Injured Tour de Toona rider staying positive

By Mark Zalewski, North American Editor 29 year-old Sarah Scott (Guy's Racing) of Philadelphia was...

By Mark Zalewski, North American Editor

29 year-old Sarah Scott (Guy's Racing) of Philadelphia was involved in a serious crash while racing in the Martinsburg race of the women's category 4 points series of the 2005 Tour de Toona. The crash left her a paraplegic, paralysing her from the waist down.

Scott was in her first year of racing, having only started riding the previous fall. "I moved here the end of May 2004, the same weekend as the Wachovia race, and it caught me," Scott told Cyclingnews. "I bought my first road bike in October and the Philly Classic was my first race, I got dropped immediately, but I knew it going in. I was just learning everything."

Scott was racing in Altoona to gain more road racing experience when she crashed in a hard left turn onto Rt. 866 in the Martinsburg circuit race. Officials immediately notified the medical personnel on sight. "I remember going around the turn and the next thing I knew there was an EMT next to me," Scott said. "They really did a great job." Once the extent of the injuries were realized a helicopter was ordered and Scott was air-lifted to the nearest trauma center.

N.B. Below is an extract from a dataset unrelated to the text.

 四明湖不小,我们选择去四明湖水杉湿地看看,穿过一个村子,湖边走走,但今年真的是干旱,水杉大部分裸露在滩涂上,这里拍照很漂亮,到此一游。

"Regarding the injury, the first thing I want everyone to know, is that my life was saved by my helmet - I am very grateful and happy to be alive. I am what is called a complete paraplegic now, meaning I have no feeling or movement from the waist down."

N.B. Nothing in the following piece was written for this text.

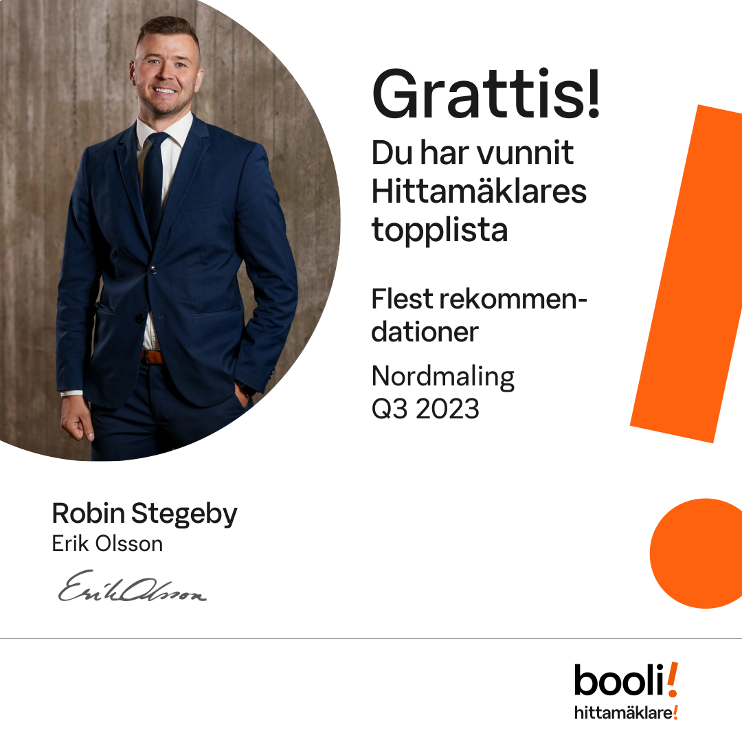 Statistik för publicerade bostäder, försäljningar och omdömen baseras på data från Booli och Hittamäklare. Statistiken för försäljningar avser inrapporterade och verifierade slutpriser från mäklare eller av Booli inhämtade och verifierade slutpriser. Statistiken för publicerade bostäder baseras på information som publicerats på Booli.se. Statistik för omdömen och rekommendationer baseras på omdömen från säljare som lämnats via Booli och Hittamäklare.

Scott is keeping a positive outlook towards her recovery and her continued involvement with cycling. "I want to stay a part of cycling as much as possible, I dearly love it no matter what. I've already learned about hand-cycling." Helping her through this time are her friends from the local cycling community. "My team is awesome. Today I got two bouquets! They are a wonderful bunch of guys. Cadence Cycling in Manayunk has been amazing too."

While medical costs will surely be extremely high, financial support structures are still being created. More information on this will be reported as soon as it is available. "[The doctors] say I will be here four to six weeks. But the key to rehab is to keep showing effort and to stay as long as you can."

Everyone at Cyclingnews extends their support to Sarah as she recovers and rehabilitates. "I feel like every day I make progress," Scott said. "I hope to be sitting in a wheelchair by the end of the week."